Currents -GC
I follow the path past fields dotted with dandelions, into a grove of thin black trunks, turn off down to the river, gold-lit and dark currents; a sign on a gate warning DANGER, RAPID CHANGES TO WATER FLOW. Further on a lichened-covered cairn, the early light green with spring. I climb ragged through a fence, sit on the river-bank amongst purple flowers, stems bending under cloud-headed thistles, bright yellow-petalled weeds, warming sun, the stillness of the sprawling house across the river. I set off again and pick up a companion on the way. Together we cross a bridge, at first ugly, then graceful when we turn to see girders curve gently across the river, a church spire with its cross high against the inconstant sky tending over supplicating warehouses of brick and glass.

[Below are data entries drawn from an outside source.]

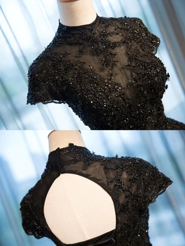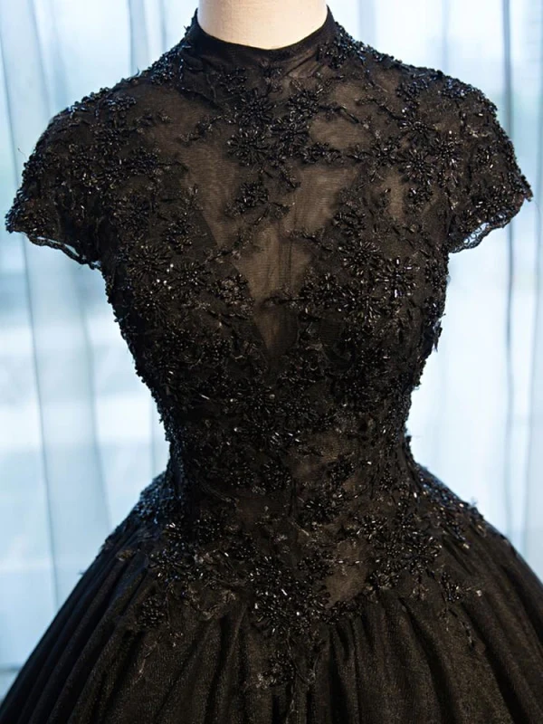 Black Wedding Dresses, High Beaded Bridal Gowns, Colored Wedding Gowns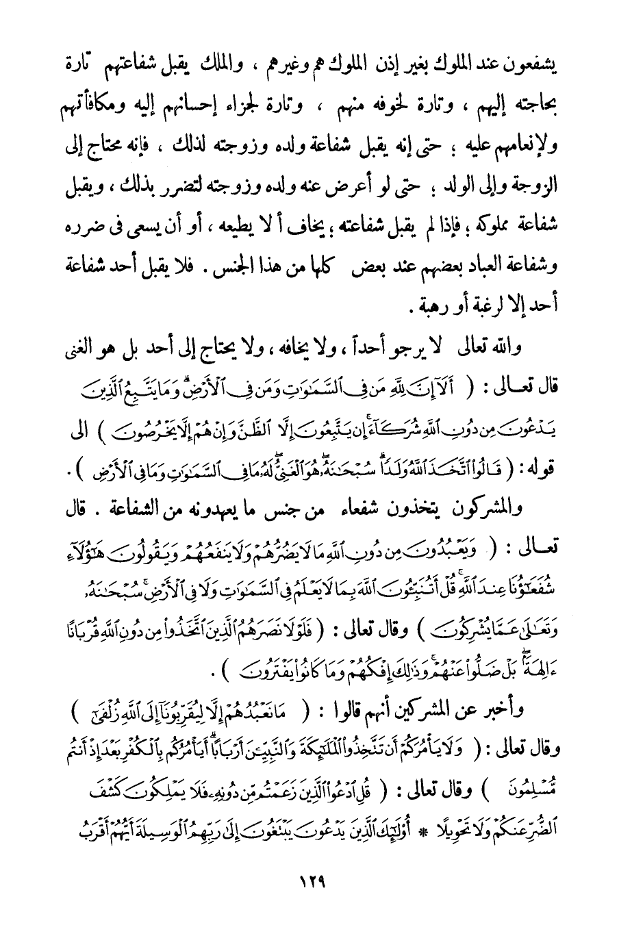 يُشَفَّعُونَ عِنْدَ الْمُلُوكِ بِغَيْرِ إذْنِ الْمُلُوكِ هُمْ وَغَيْرُهُمْ وَالْمَلِكُ يَقْبَلُ شَفَاعَتَهُمْ: تَارَةً بِحَاجَتِهِ إلَيْهِمْ وَتَارَةً لِخَوْفِهِ مِنْهُمْ وَتَارَةً لِجَزَاءِ إحْسَانِهِمْ إلَيْهِ وَمُكَافَأَتِهِمْ وَلِإِنْعَامِهِمْ عَلَيْهِ؛ حَتَّى إنَّهُ يَقْبَلُ شَفَاعَةَ وَلَدِهِ وَزَوْجَتِهِ لِذَلِكَ فَإِنَّهُ مُحْتَاجٌ إلَى الزَّوْجَةِ وَإِلَى الْوَلَدِ؛ حَتَّى لَوْ أَعْرَضَ عَنْهُ وَلَدُهُ وَزَوْجَتُهُ لَتَضَرَّرَ بِذَلِكَ وَيَقْبَلُ شَفَاعَةَ مَمْلُوكِهِ؛ فَإِذَا لَمْ يَقْبَلْ شَفَاعَتَهُ؛ يَخَافُ أَنْ لَا يُطِيعُهُ أَوْ أَنْ يَسْعَى فِي ضَرَرِهِ. وَشَفَاعَةُ الْعِبَادِ بَعْضِهِمْ عِنْدَ بَعْضٍ: كُلُّهَا مِنْ هَذَا الْجِنْسِ. فَلَا يَقْبَلُ أَحَدٌ شَفَاعَةَ أَحَدٍ إلَّا لِرَغْبَةِ أَوْ رَهْبَةٍ. وَاَللَّهُ تَعَالَى: لَا يَرْجُو أَحَدًا وَلَا يَخَافُهُ وَلَا يَحْتَاجُ إلَى أَحَدٍ بَلْ هُوَ الْغَنِيُّ قَالَ تَعَالَى: {أَلَا إنَّ لِلَّهِ مَنْ فِي السَّمَاوَاتِ وَمَنْ فِي الْأَرْضِ وَمَا يَتَّبِعُ الَّذِينَ يَدْعُونَ مِنْ دُونِ اللَّهِ شُرَكَاءَ إنْ يَتَّبِعُونَ إلَّا الظَّنَّ وَإِنْ هُمْ إلَّا يَخْرُصُونَ} إلَى قَوْلِهِ: {قَالُوا اتَّخَذَ اللَّهُ وَلَدًا سُبْحَانَهُ هُوَ الْغَنِيُّ لَهُ مَا فِي السَّمَاوَاتِ وَمَا فِي الْأَرْضِ} . وَالْمُشْرِكُونَ: يَتَّخِذُونَ شُفَعَاءَ مِنْ جِنْسِ مَا يَعْهَدُونَهُ مِنْ الشَّفَاعَةِ. قَالَ تَعَالَى: {وَيَعْبُدُونَ مِنْ دُونِ اللَّهِ مَا لَا يَضُرُّهُمْ وَلَا يَنْفَعُهُمْ وَيَقُولُونَ هَؤُلَاءِ شُفَعَاؤُنَا عِنْدَ اللَّهِ قُلْ أَتُنَبِّئُونَ اللَّهَ بِمَا لَا يَعْلَمُ فِي السَّمَاوَاتِ وَلَا فِي الْأَرْضِ سُبْحَانَهُ وَتَعَالَى عَمَّا يُشْرِكُونَ} وَقَالَ تَعَالَى: {فَلَوْلَا نَصَرَهُمُ الَّذِينَ اتَّخَذُوا مِنْ دُونِ اللَّهِ قُرْبَانًا آلِهَةً بَلْ ضَلُّوا عَنْهُمْ وَذَلِكَ إفْكُهُمْ وَمَا كَانُوا يَفْتَرُونَ} . وَأَخْبَرَ عَنْ الْمُشْرِكِينَ أَنَّهُمْ قَالُوا ": {مَا نَعْبُدُهُمْ إلَّا لِيُقَرِّبُونَا إلَى اللَّهِ زُلْفَى} وَقَالَ تَعَالَى: {وَلَا يَأْمُرَكُمْ أَنْ تَتَّخِذُوا الْمَلَائِكَةَ وَالنَّبِيِّينَ أَرْبَابًا أَيَأْمُرُكُمْ بِالْكُفْرِ بَعْدَ إذْ أَنْتُمْ مُسْلِمُونَ} وَقَالَ تَعَالَى: {قُلِ ادْعُوا الَّذِينَ زَعَمْتُمْ مِنْ دُونِهِ فَلَا يَمْلِكُونَ كَشْفَ الضُّرِّ عَنْكُمْ وَلَا تَحْوِيلًا} {أُولَئِكَ الَّذِينَ يَدْعُونَ يَبْتَغُونَ إلَى رَبِّهِمُ الْوَسِيلَةَ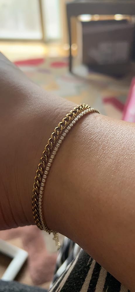 Mia Cute name bracelet but I have noticed it leaves my skin a bit green/black since I wear it all the time.
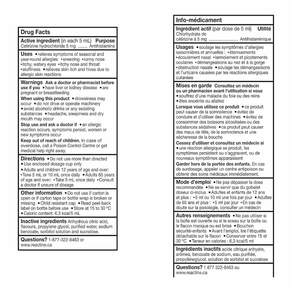 Reactine Allergy Liquid provides fast and effective relief from allergy symptoms such as sneezing, runny nose, itchy, watery eyes, and itchy throat. Formulated with Cetirizine Hydrochloride, it offers 24-hour non-drowsy relief. The pleasant white grape flavour makes it easy to take, providing a convenient option for both adults and children.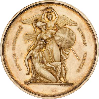 Korunní princ George - na mír ve Versailles 1814 - hlava zprava, opis / Niké a Británie chrání Evropu, opis, Sign.Barber-Wyon, zlac.Ag 69mm, 125.748g, dr.hr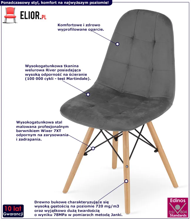 Dotyczy: Komplet czarnych welurowych krzeseł 4 szt. - Mando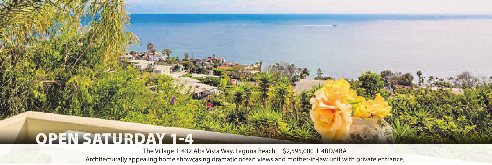 TheVillage l 432 AltaVistaWay, Laguna Beach l $2,595,000 l 4BD/4BA Architecturally appealing home showcasing dramatic ocean views and mother-in-law unit with private entrance.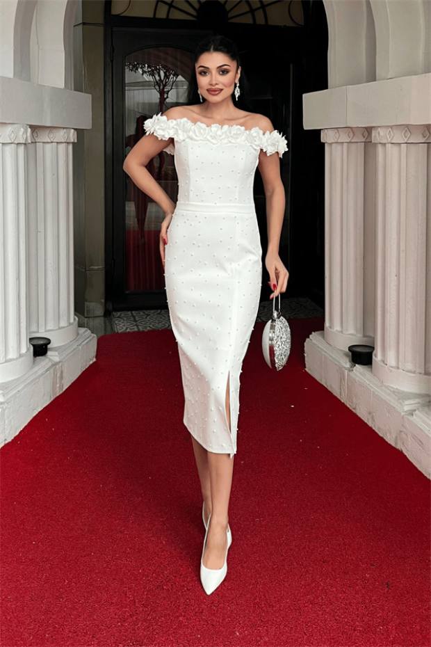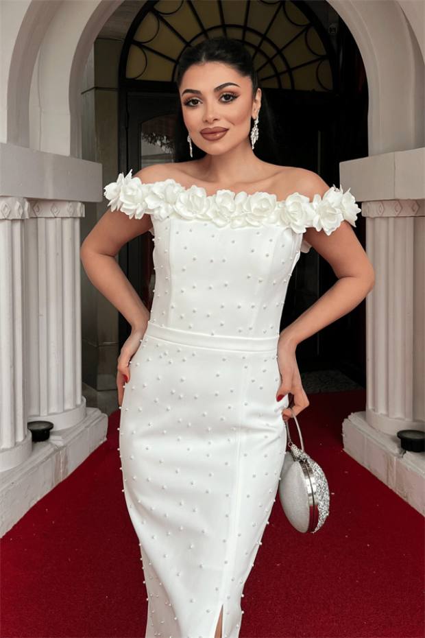 Gjatësia e Produktit: 100 cm nga gjoksi. (Mund të ndryshojë midis 1-3 cm.)Lloji i Pëlhurës: Pëlhurë AtlasProdukti ka një zinxhir në pjesën e pasme.Produkti përfshin një mbrojtëse gjoksi.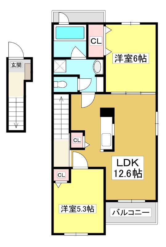 | 築年月 | 2016年4月 | 間取り | 2LDK( LDK12.6畳/洋室6畳/洋室5.3畳 ) | 専有面積 | 57.32m2 |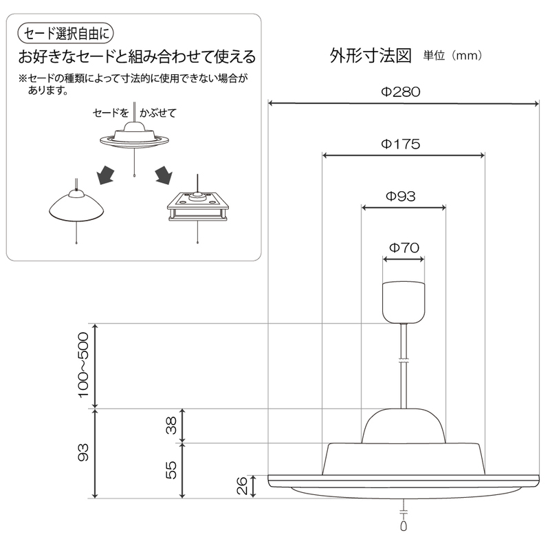 ● お好きなセードと組み合わせて使えるLEDペンダントライト用の光源です

The trick is knowing where to rest; a small pub, low ceiling with blackened beams, walls filled with pictures of coastal birds, a model of the Princess Anne, sunk with 700 drowned. A local newspaper on the counter headlining BED DELIVERED – UP LADDER. We sit away from the single slot machine and my new friend’s eyes fill with tears. “I used to come here as a boy,” he says and we lift our pints, drink a toast to the past and look down at the Thames emptying, changing tide revealing grey mud and rocks, geese settling for the evening on the pontoon.